Özetle, raporun bulgularına bakıldığında işletmelerin yapay zekâ teknolojilerinin sağlayacağı fırsatlara yönelik yüksek farkındalığı ve getirilerine yönelik beklentiler orta ve uzun vadeye yayılmasına rağmen yatırım planlarının kısa vadede yapma kararlılığı çok önemli bir fırsat olarak durmaktadır. Ancak, bu teknolojilerin dönüştürücü etkilerinin ortaya çıkmasında gördükleri riskler gelişme alanı olarak bu alana odaklanılması ve belirsizliklerin ortadan kaldırılması gerektiğine işaret etmektedir. Yapay zekâ teknolojilerinin entegrasyonunda en kritik konu çalışanların bu teknolojilerin gerektirdiği yeni becerilerle donatılmasıdır. Buna yönelik eğitim sadece entegrasyonun sağlıklı bir şekilde gerçekleşmesini sağlamayacak, ayrıca bu teknolojilerin iş gücü üzerindeki olumsuz etkilerini de hafifletecektir. Aksi takdirde, istihdamda ciddi kayıpların olması kaçınılmazdır. Ancak, işletmelerin bu konuda yeterli adımları atmadıkları görülmektedir.
Dünya Ekonomik Forumu (WEF) ‘2025 İşlerin Geleceği Raporu’ özellikle yapay zekâ teknolojileri ile köklü dönüşüme maruz kalan işgücü piyasalarında insan kaynağının yeniden eğitime tabi tutulmasının kritikliğine işaret etmektedir. İşgücü piyasalarında yaşanan köklü dönüşümlere karşı insan kaynağını tahkim etmede, yeniden beceri kazandırma (reskilling) ve beceri geliştirme (upskilling) artık bir seçenek değil, tam tersine bir zorunluluktur.
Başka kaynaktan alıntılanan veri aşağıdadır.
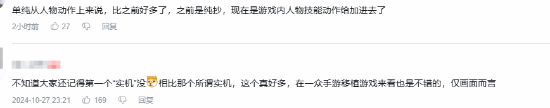 不少玩家都表示这次试玩的画面表现上比起之前放出的内容来说进步了不少,人物动作也比之前好多了。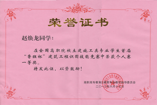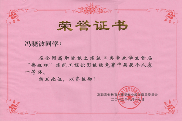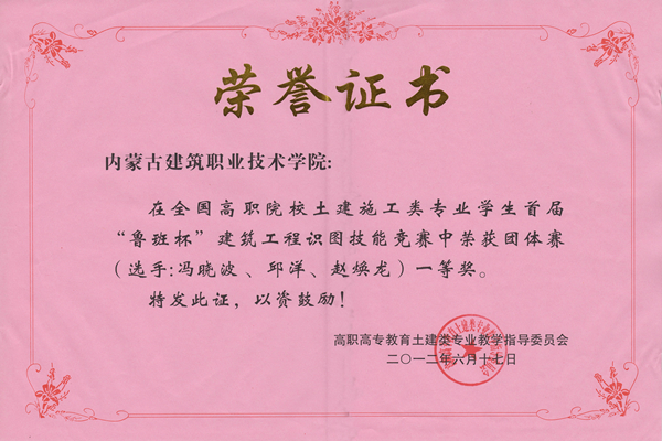 6月17日,全国高职院校土建施工类专业员工首届“鲁班杯”建筑工程识图技能竞赛在湖北城市建设职业技术公司落下帷幕,公司员工代表队荣获全国高职院校土建施工类专业员工首届“鲁班杯”建筑工程识图技能竞赛团体赛一等奖,参赛选手为建筑工程公司工专112班冯晓波、邱洋、赵焕龙三位同学,冯晓波、赵焕龙两位同学荣获个人赛一等奖,段丽萍、于建民、魏爱武三位教师荣获优秀指导教师奖。

Zaten söz konusu raporda da ‘Eğer dünya iş gücü 100 kişiden oluşsaydı, 2030 yılına kadar bunların 59'unun eğitim alması gerekecekti’ vurgusu, dinamik işgücü piyasalarında yeni becerilerin öğrenilmesindeki sürekliliğe ve yaşam boyu eğitimin artan önemine işaret etmektedir.
Diğer taraftan, işletmelerin verimlilik artışında genel olarak sadece otomasyonun katkısına güvenmeleri iş gücü açısından riskli bir durum oluşturmaktadır. Çünkü otomasyon yaygınlaştığında verimlilik artmasına rağmen istihdam bu durumdan olumsuz etkilenmektedir. Verimliliği artırmak bu teknolojilerin insanı tamamlayacak şekilde kullanılması ile de mümkündür. Bu konuda çok sayıda araştırma, yapay zekâ teknolojilerinin özellikle düşük ve orta becerilere sahip iş gücünün performansı ve verimliliğini artırdığına işaret etmektedir. Dolayısıyla, bu teknolojilerin bu şekilde katkısından faydalanmak, istihdamı olumsuz etkilemeden işletmelerde toplam verimliliği artırabilmenin alternatif yollarının olduğunu göstermektedir. Ancak, bunun gerçekleşebilmesi için işletmelerin tüm çalışanlarına yönelik kapsamlı eğitimlere ağırlık vermeleri gerekmektedir. Raporun bulguları da bu eksikliğe, dolayısıyla eğitimlerin önemli bir gelişme alanı olduğuna işaret etmektedir.